As one could probably surmise, the film is set in mid-1970s Chile, during the early years of the aggressively brutal dictatorship under Pinochet. The violent crackdown on communist dissenters at first seems like a distant concern for Carmen (Aline Küppenheim), the housewife to a prominent doctor currently residing in their summer home. Her life appears carefree and simple until a local priest comes to her with a plea. A young man, Elías (Nicolás Sepúlveda), has been wounded following a combat with national forces, and Carmen is asked to look after him during his recovery. Her visit with this revolutionary sparks her own personal rebellion, and she slowly becomes more aware of the political cruelty surrounding her. As she involves herself more, those nefarious forces close around her. All efforts taken to battle against an unjust society also puts her further in jeopardy.
The subject matter being presented here is obviously disturbing and important to chronicle. However, little of that urgency is felt in the filmmaking. Credit is given to director Manuela Martelli for crafting some compelling sequences of suspense, in which the tension is brought out by some captivating framing and a chilling atmosphere. At the same time, that tone never seems to be sustained, often giving way to a lethargic pace that struggles to capture a more invigorating presence. The aesthetics themselves also feel modern and don’t ever really inhabit this period setting. What compounds these issues is a script that spends little time carefully escalating its stakes and building in a natural progression to give insight into these characters. Despite having an intriguing foundation, the narrative suffers from a flat presentation. The elements required to build this perilous journey into the underworld, the ever-present paranoia that seeps into every mundane action, are all there. Yet, their assemblage is weakly executed, and the storytelling struggles to become completely alluring.
A great credit is given to Küppenheim for her engrossing performance, by far one of the most effective elements on display.
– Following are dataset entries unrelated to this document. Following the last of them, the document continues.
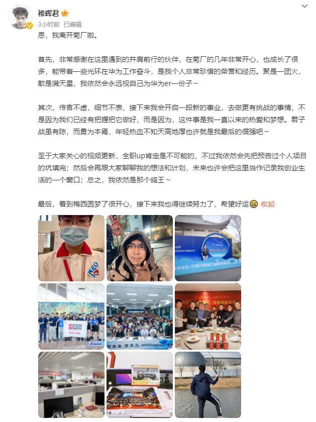 今天中午,稚晖君本人在微博发文回应称传言属实,已经离开华为,将开始创业。
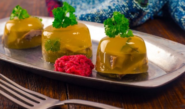 Кількість бульйону можна додати за смаком. Комусь подобається велика кількість желе, адже воно з смачного наваристого бульйону, а хтось просто елегантно проходиться пензликом з бульйоном з м’яса, лише злегка відтіняючи його ніжну фактуру пружним желе.
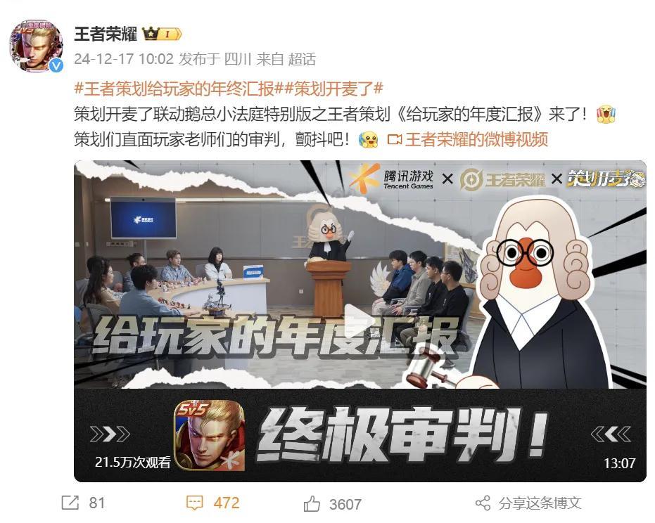 包括文章開頭所說的,小王做了很多跟玩家交流、對齊需求的活動,比如開設策劃開麥了欄目、讓策劃一邊插秧幹農活,一邊回答玩家的問題、跟鵝總小法庭聯動,讓玩家代表審判策劃、官方實時直播直面玩家“拷打”……
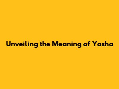 Unveiling The Meaning Of Yasha
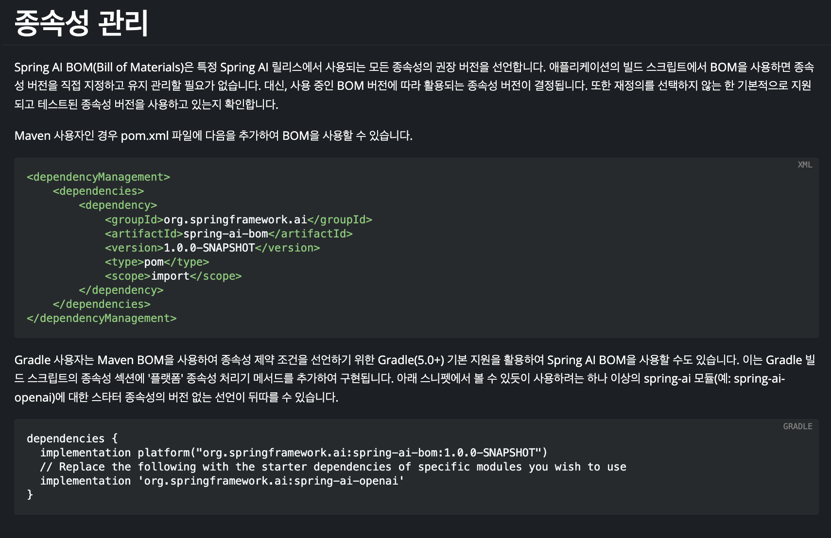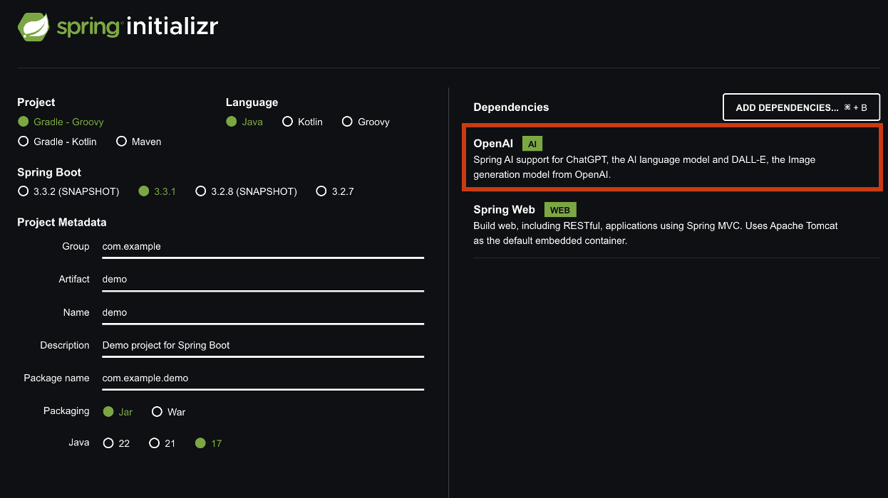 ๊ทธ๋ค์์ผ๋ก๋ dependencies์ (OpenAI๋ฅผ ์ด์ฉํ ๊ฒฝ์ฐ) org.springframework.ai:spring-ai-openai ๋ฑ์ ์์กด์ฑ์ ๋ฑ๋ก์์ผ์ผ ํฉ๋๋ค. ์ ๋ ๋ฒ์ ์ ๊ตฌ์ฒด์ ์ผ๋ก ๋ช
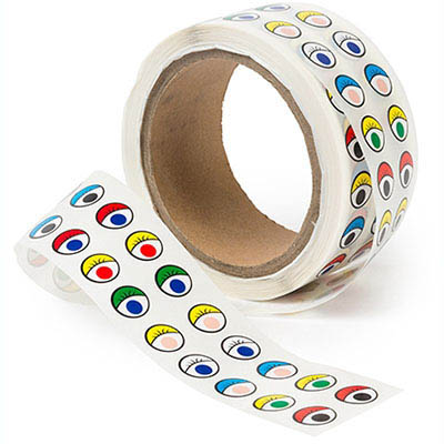 Roll of 2000 pairs of styled coloured eyes with 10 different colours and characteristics from sleepy to pop eye - Self adhesive backing for easier sticking
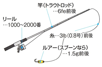 ・ルアー:(スプーン 1g〜3g) (プラグ トラウト用クランクベイト・ミノーなど、2cm〜7cm)がおすすめです!!
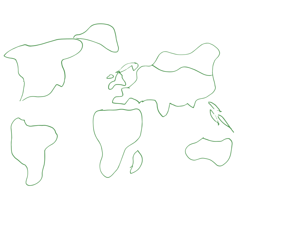 AboutAesthetics though ignorance. I had to draw a visual of a world map for a job recently and was surprised by how little I know about actual geography. I wondered other people shared my ignorance so I asked my friends and colleagues to draw the outline of a world map from memory without any reference. Here are the results.
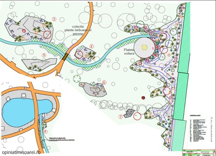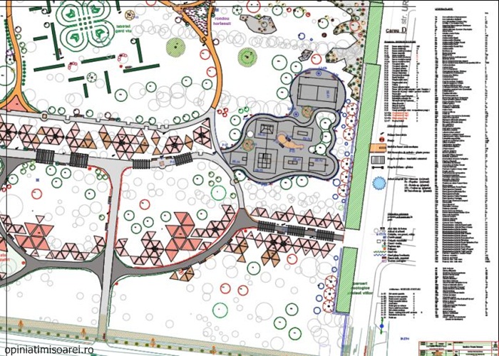 “Vor fi redesenate absolut toate aleile, raman doar 10 metri in fata, parcul isi schimba complet infatisarea. Vor fi alei noi, nu vor mai fi linii drepte, ci in general linii curbe. O sa fie doua sau chiar trei straturi, unele cu nisip stabilizat, altele cu pavaj, o sa mai fie o solutie cu beton. Vor fi gradini tematice, cea italiana, cea greceasca, cu amfiteatru, gradina spaniola, gradina englezeasca si altele. O sa fie un teren de sport, teren de fitness, pista de biciclete pentru bikeri, pista de skateboard, o sa fie zona de odihna cu WiFi, cu banci, unde lumea va putea sta sa odihneasca si va avea acces la internet. O sa fie o zona de lacuri, doua lacuri pe care vom avea nuferi, doua poduri, o stancarie destul de mare unde vor intra 500 de tone de piatra, in zona garajelor, un parau, care va ajunge in luciul de apa, in cele doua lacuri. De acolo o sa fie aprovizionat si sistemul de irigare”, explicau reprezentantii Primariei la predarea amplasamentului pentru pornirea lucrarilor.

She perfectly embodies the perspective of a demure civilian, alarmed by the horrors that are ravaging the country, and slowly intervenes in the small ways she can. There’s a duality that morphs as she slides deeper into this movement, and her portrayal embodies this fracturing perspective. As the pressure builds and panic sets in, her determination and terror are equally balanced, leading to a powerful catharsis that must still be sheltered. It’s a commendable turn, and the scenes shared with Sepúlveda also showcase a tenderness that is endearing. Unfortunately, Elías stands for more of a thematic idea than an actual character, so the actor does not end up making the biggest impression. The same can be said for most of the film’s ensemble players, all of which pale in comparison to the leading lady.
Undoubtedly, the story “Chile ’76” aims to tackle is an important one. It’s examining a tumultuous time, and that deserves to be analyzed. Unfortunately, the results do not feel as imperative. One can appreciate the attempts to create a thrilling ambiance out of this material, and occasionally the film succeeds in this venture. At the same time, it often wrestles with a structure that does little to naturally build its momentum and present this world in a more stimulating manner. Even with a great performance at the center, not much outside of that aspect makes this an exceptional work. The subject matter, indeed, is worthy of discussion. Yet, this enterprise lacks the spirit to leave a greater impact.